I don’t think anyone involved in this from Apple still works there anymore,
and it’s been 10-11 years now so probably not even Apple itself really knows
all the details at this point. From what I’ve heard the same may be true at
Google; these stories are basically folklore to the current crop of the Maps
team there.

In any case, as I recall it, advertising data and location tracking absolutely
were sticking points. It’s possible you weren’t part of those aspects or you
just saw it differently than Apple did.

On the other hand, this was all before Apple had a public marketing campaign
around user privacy. The antagonism in the relationship around Maps also
predated any discussion with Google of location data or ads and it arose from
Android. Jobs saw Android as an attempt to copy the iPhone, and this lead to
mistrust of Google in all things.

With that perspective, maybe you can start to see the other side of it.

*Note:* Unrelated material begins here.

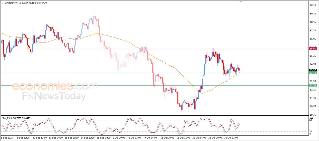 The (Brent) price decline in its last intraday trading, amid the continuous attempts to gain bullish momentum that might help it to recover and rise again, amid the dominance of bullish corrective wave on the short-term basis, and there is dynamic support due to its trading above EMA50, reinforcing the chances of he price rise in the upcoming period, if the price manages to keep the near support.

Apple
didn’t want to let slip any detail of upcoming iPhone features because the
concern was about them being copied in Android. While the G Maps folks gave
lip service initially to being separate from Android and the idea that
features wouldn’t be held back from Apple to benefit Android (and this was
true initially, eg with Street View), Apple folks didn’t believe that would
last.

And I think it didn’t last. As time went on, the Apple perspective was that
Google was asking for things that were anathema, just so Google could point to
them and say this is why you aren’t getting vector data or nav, but only as a
pretext in the larger war of being able to use Maps as a competitive advantage
for Android.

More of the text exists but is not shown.